[Dataset items]

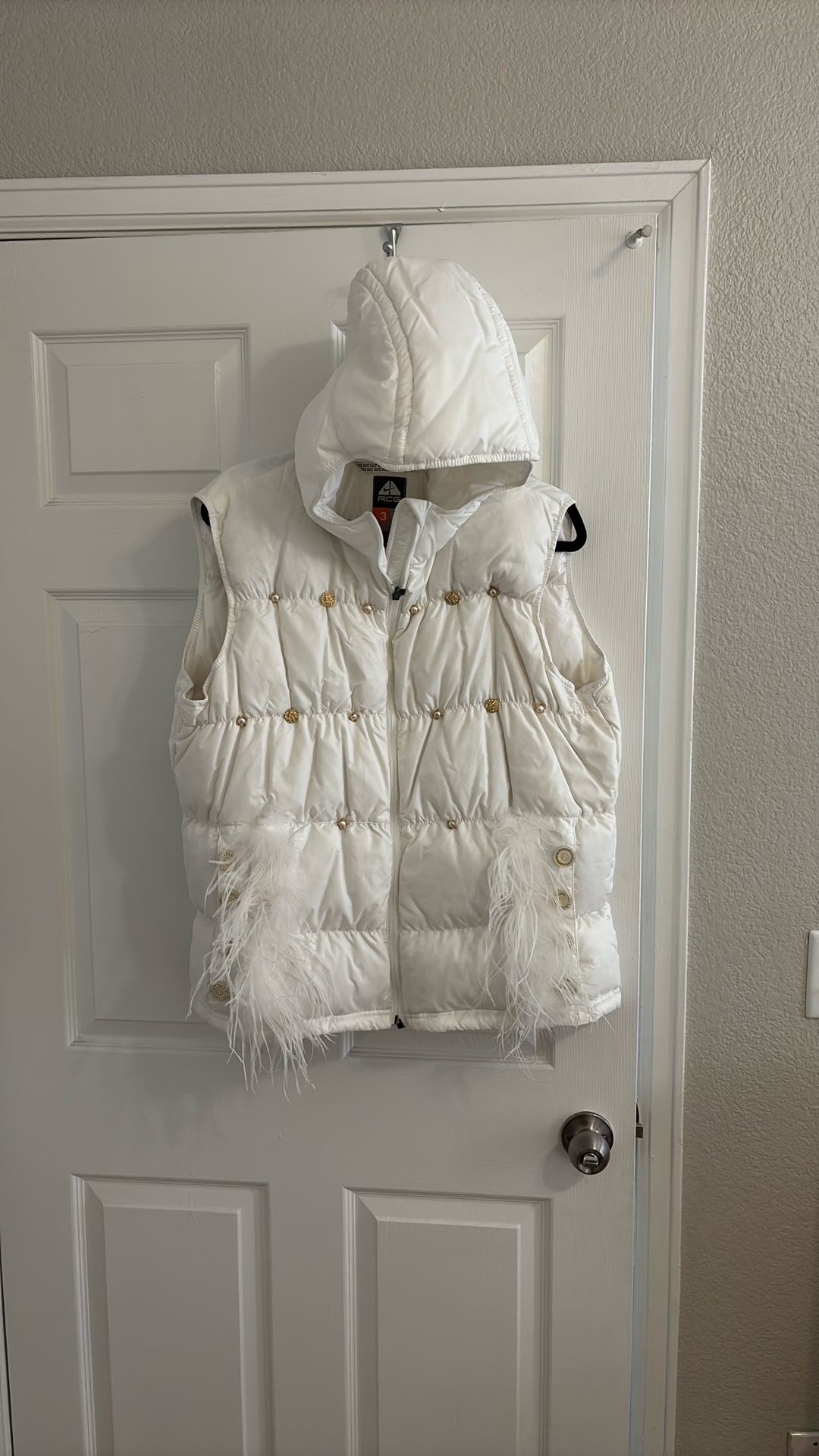 This custom redesigned puffer vest with hood is amazing!! Perfect for over a turtleneck or on the slopes The bling and accessories that have been custom-made shows the uniqueness and beauty! Grab this before it goes. Thx for supporting!
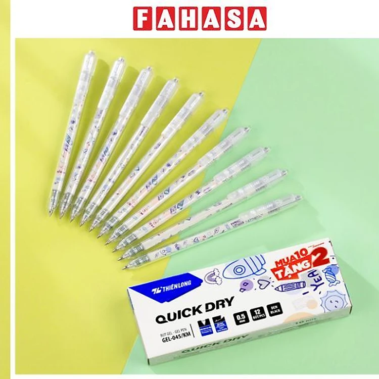 Hộp 12 Bút Gel Quick Dry 0.5 mm - Thiên Long GEL-045/KM - Mực Đen
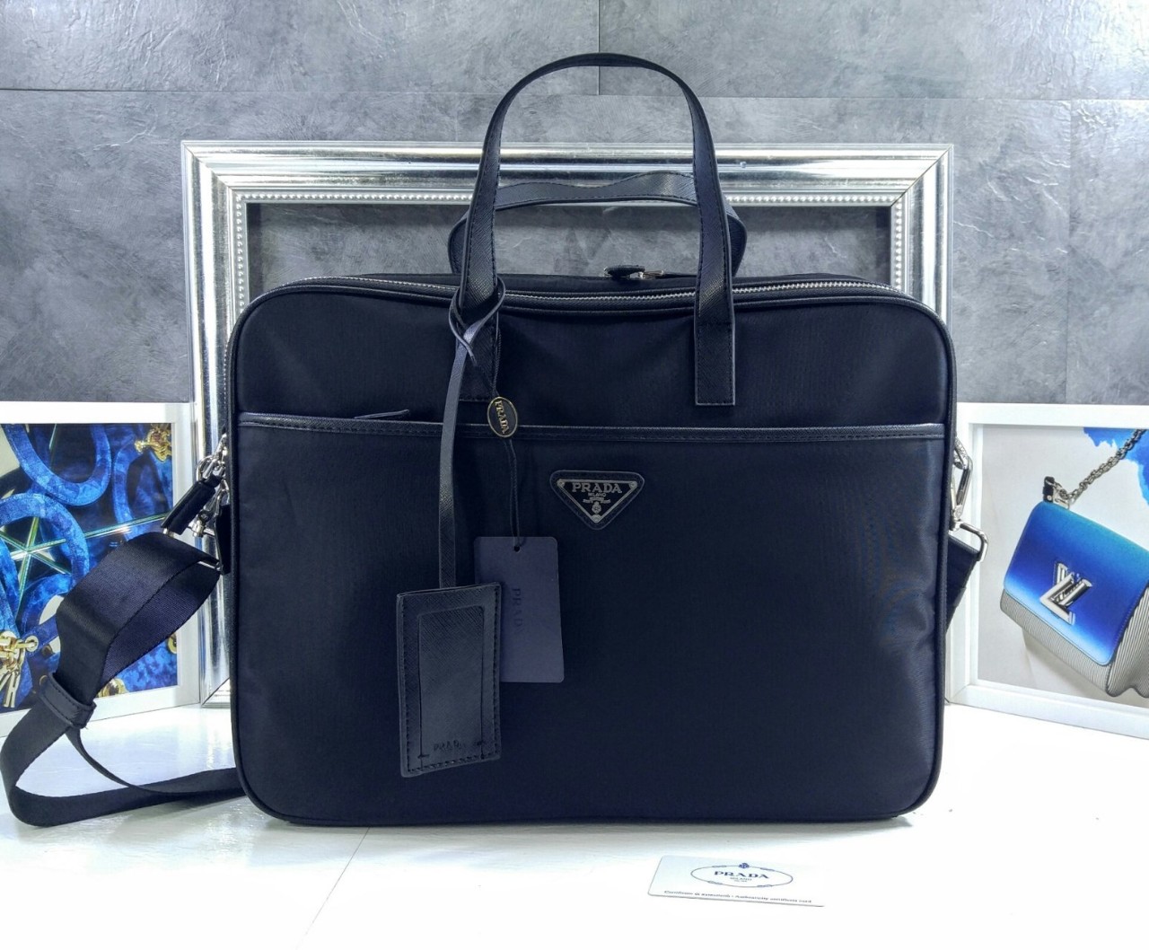 페브릭 / 가죽 2개의 컴파트먼트 플랫 가죽 핸들 탈부착이 가능한 조절 가능한 우븐 나일론 테이프 숄더 스트랩 앞면의 에나멜 메탈 트라이앵글 로고 지퍼 잠금 탈부착 가능한 가죽 이름표 외부 지퍼 포켓 1개 지퍼 포켓과 패치 포켓, 작은 패치 포켓이 있는 내부 로고 프린트 나일론 안감
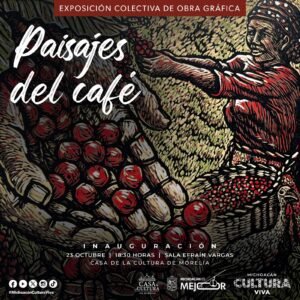 La Secretaría de Cultura de Michoacán invita al público a disfrutar de “Paisajes del café” en la Casa de la Cultura de Morelia ubicada en avenida Morelos Norte 485 en el Centro de Morelia, recinto que continúa siendo un punto de encuentro para diversas manifestaciones artísticas.
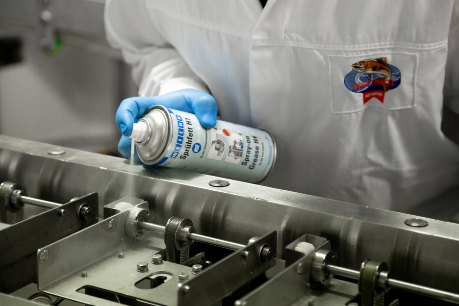 WEICON Spray Graisse H1, inodore et insipide, spécialement conçu pour répondre aux besoins des industries alimentaire, cosmétique et pharmaceutique. Elle a une haute résistance thermique et est homologuée NSF. Le Spray Graisse H1 convient spécialement pour l'entretien et la maintenance dans les brasseries et l'industrie des boissons, les grands abattoirs, les fabriques de conserves, les torréfacteurs de café, les grandes cuisines professionnelles, les piscines, hôtels, hôpitaux et partout où un contact direct avec des denrées alimentaire ne peut pas être exclu.
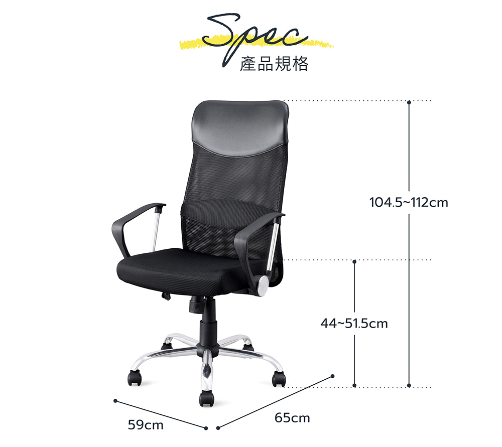 • 椅墊使用透氣性良好的網布材質,長時間使用也不悶熱
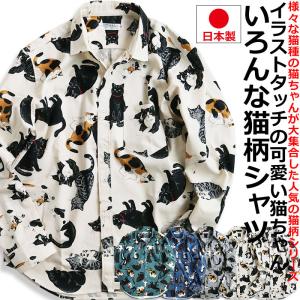 長袖シャツ メンズ 猫柄 シャツ 柄シャツ ねこ ネコ アニマル 動物柄 日本製 にゃんこ 爆買
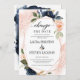 Diseño moderno y elegante impreso en Azul Marino y Rosa Flor de Floral y Marco Geométrico Invitación de Cambio de Planes que se puede personalizar con su texto. Por favor, haga clic en el botón "Personalizar" y use nuestra herramienta de diseño para modificar esta plantilla. ¡Consulte la tienda de Diseño Gráfico para otros productos que coincidan con este diseño!
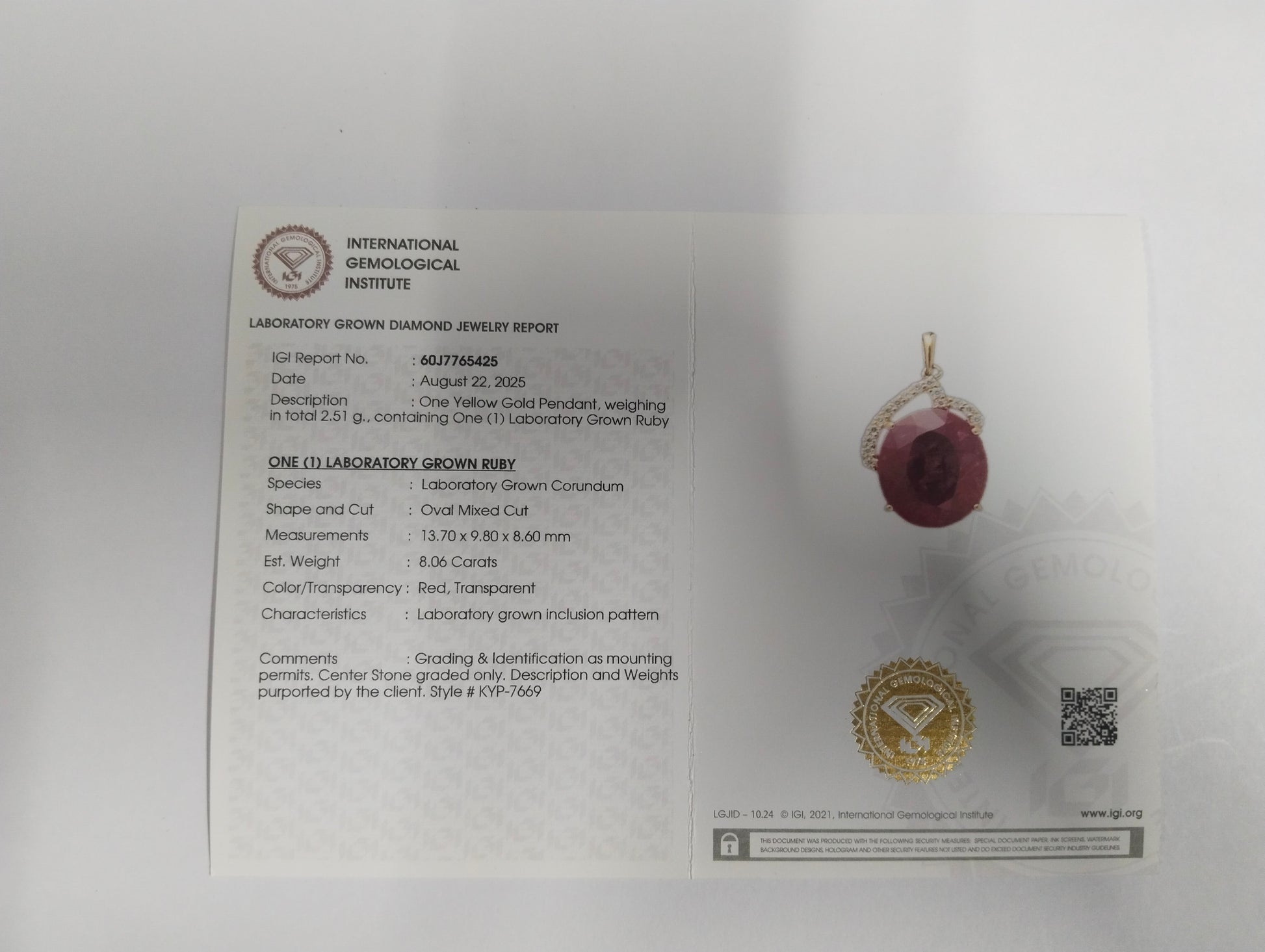 - Lab Name: International Gemological Institute (IGI)

# Directions
Here the records must be restated exactly, minus any images.

# Written solution
 This custom redesigned puffer vest with hood is amazing!! Perfect for over a turtleneck or on the slopes The bling and accessories that have been custom-made shows the uniqueness and beauty! Grab this before it goes. Thx for supporting!
 Hộp 12 Bút Gel Quick Dry 0.5 mm - Thiên Long GEL-045/KM - Mực Đen
 페브릭 / 가죽 2개의 컴파트먼트 플랫 가죽 핸들 탈부착이 가능한 조절 가능한 우븐 나일론 테이프 숄더 스트랩 앞면의 에나멜 메탈 트라이앵글 로고 지퍼 잠금 탈부착 가능한 가죽 이름표 외부 지퍼 포켓 1개 지퍼 포켓과 패치 포켓, 작은 패치 포켓이 있는 내부 로고 프린트 나일론 안감
 La Secretaría de Cultura de Michoacán invita al público a disfrutar de “Paisajes del café” en la Casa de la Cultura de Morelia ubicada en avenida Morelos Norte 485 en el Centro de Morelia, recinto que continúa siendo un punto de encuentro para diversas manifestaciones artísticas.
 WEICON Spray Graisse H1, inodore et insipide, spécialement conçu pour répondre aux besoins des industries alimentaire, cosmétique et pharmaceutique. Elle a une haute résistance thermique et est homologuée NSF. Le Spray Graisse H1 convient spécialement pour l'entretien et la maintenance dans les brasseries et l'industrie des boissons, les grands abattoirs, les fabriques de conserves, les torréfacteurs de café, les grandes cuisines professionnelles, les piscines, hôtels, hôpitaux et partout où un contact direct avec des denrées alimentaire ne peut pas être exclu.
 • 椅墊使用透氣性良好的網布材質,長時間使用也不悶熱
 長袖シャツ メンズ 猫柄 シャツ 柄シャツ ねこ ネコ アニマル 動物柄 日本製 にゃんこ 爆買
 Diseño moderno y elegante impreso en Azul Marino y Rosa Flor de Floral y Marco Geométrico Invitación de Cambio de Planes que se puede personalizar con su texto. Por favor, haga clic en el botón "Personalizar" y use nuestra herramienta de diseño para modificar esta plantilla. ¡Consulte la tienda de Diseño Gráfico para otros productos que coincidan con este diseño!
 - Lab Name: International Gemological Institute (IGI)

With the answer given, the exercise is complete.